Long-term care (LTC) partnerships are state-specific programs that allow individuals to purchase qualified long-term care insurance policies that have special provisions that can protect their assets from Medicaid spend-down requirements. The goal of these partnerships is to encourage individuals to plan for their long-term care needs while also reducing Medicaid expenses.
Here are some key features of LTC partnerships:
• Qualified LTC insurance policies must meet certain standards and provide inflation protection.
• Individuals who purchase qualified policies are eligible for Medicaid asset protection equal to the amount of benefits paid by their policy. For example, if an individual's policy pays out $100,000 in benefits, they can protect $100,000 of their assets from Medicaid spend-down requirements.
• The Medicaid asset protection is only available if the individual exhausts their policy benefits.
• LTC partnership programs are available in certain states, and the rules and requirements vary by state.
• Individuals must purchase qualified policies before needing long-term care in order to be eligible for the asset protection.

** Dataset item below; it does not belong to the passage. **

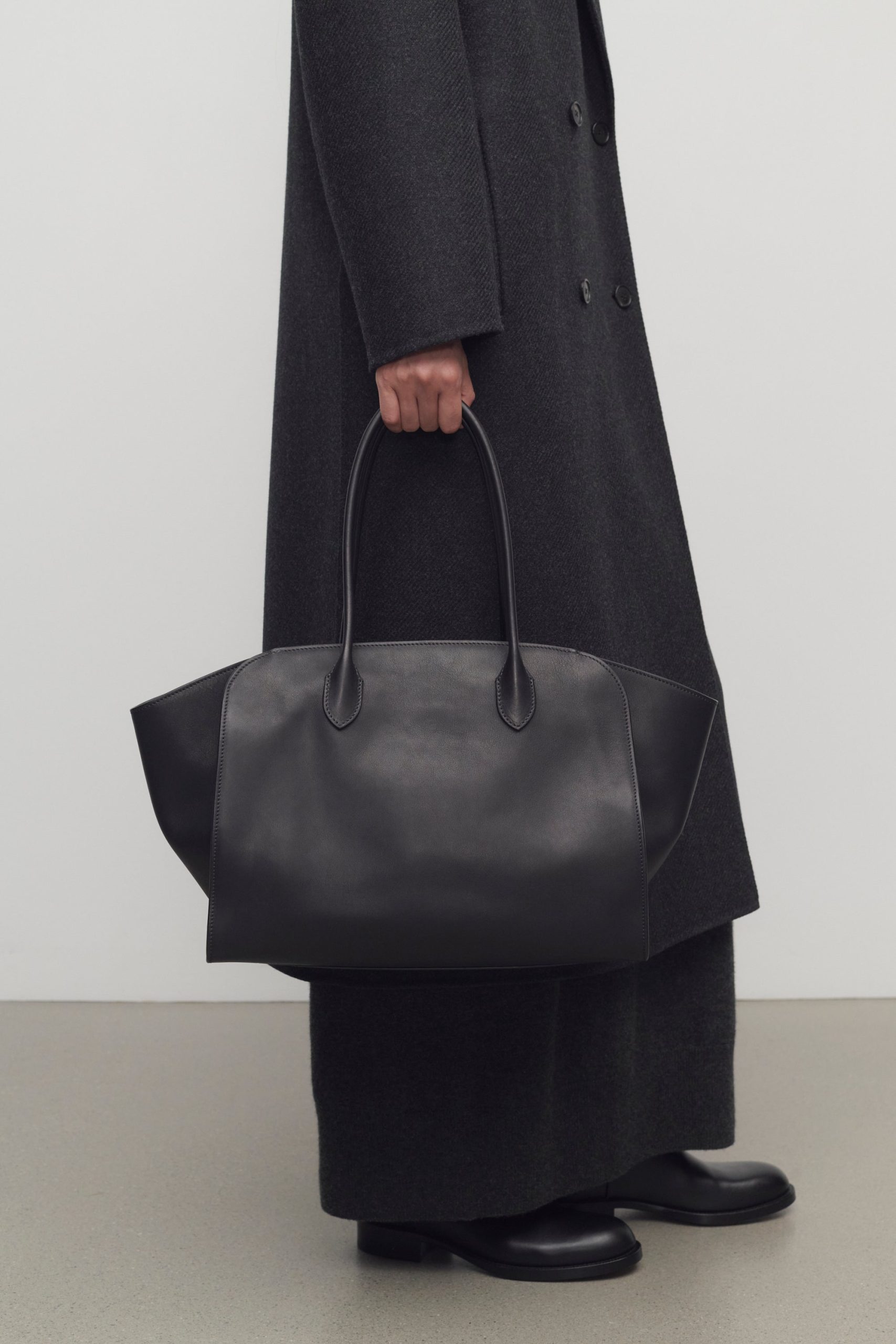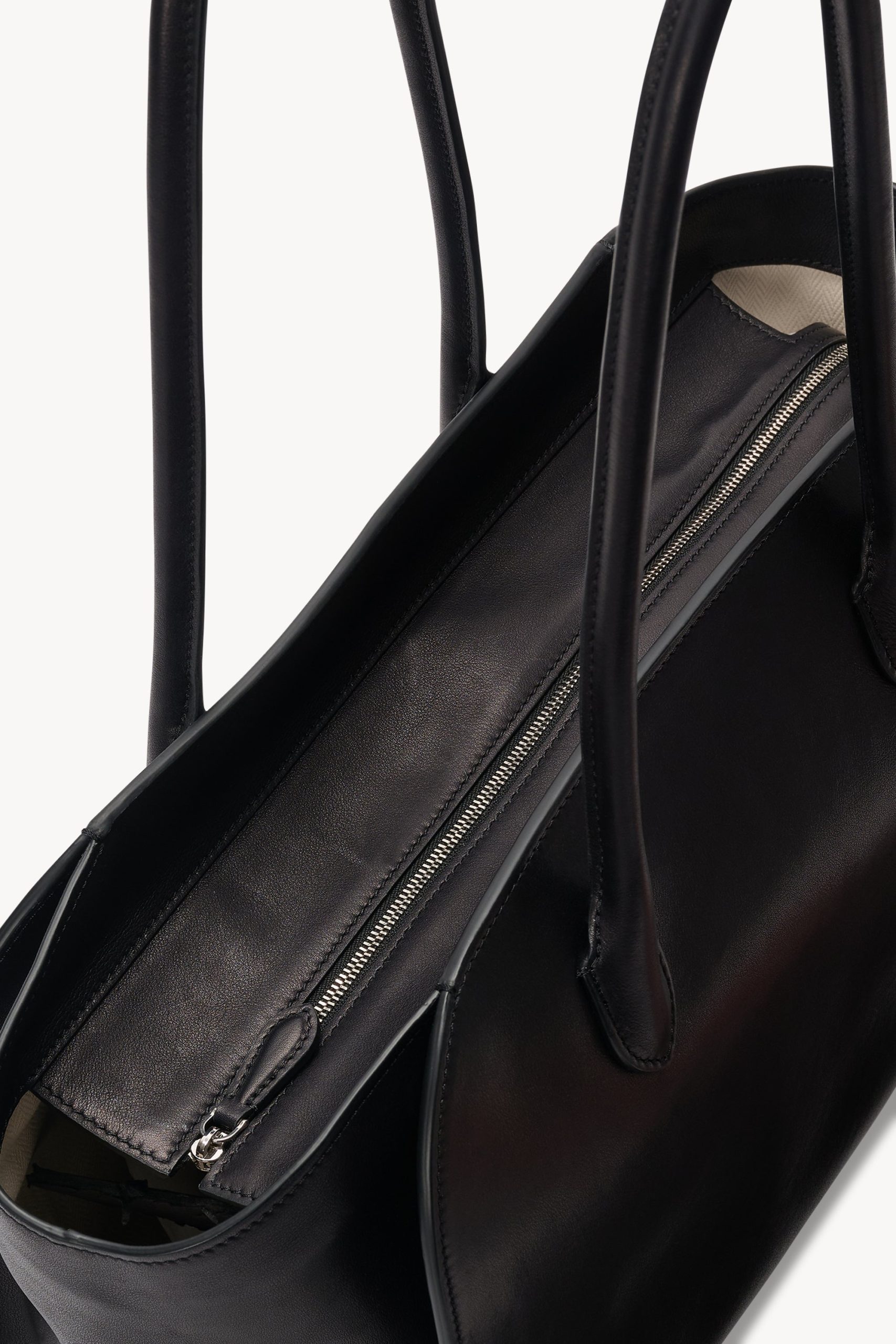 Softly structured tote bag in polished saddle leather with tubular handles. gusseted side panels. and top zipper closure. Untreated and drum-dyed. the leather develops character with time and use.

An example of how a LTC partnership might work is as follows:
Suppose an individual purchases a qualified LTC insurance policy with a benefit period of three years and a daily benefit of $200. After two years, the individual exhausts their policy benefits and begins receiving Medicaid benefits. Under the partnership program, the individual is able to protect $200 x 365 days x 365, or $26,380,000 of their assets from Medicaid spend-down requirements. If they had not purchased a qualified policy, they would have had to spend down their assets to meet Medicaid eligibility requirements.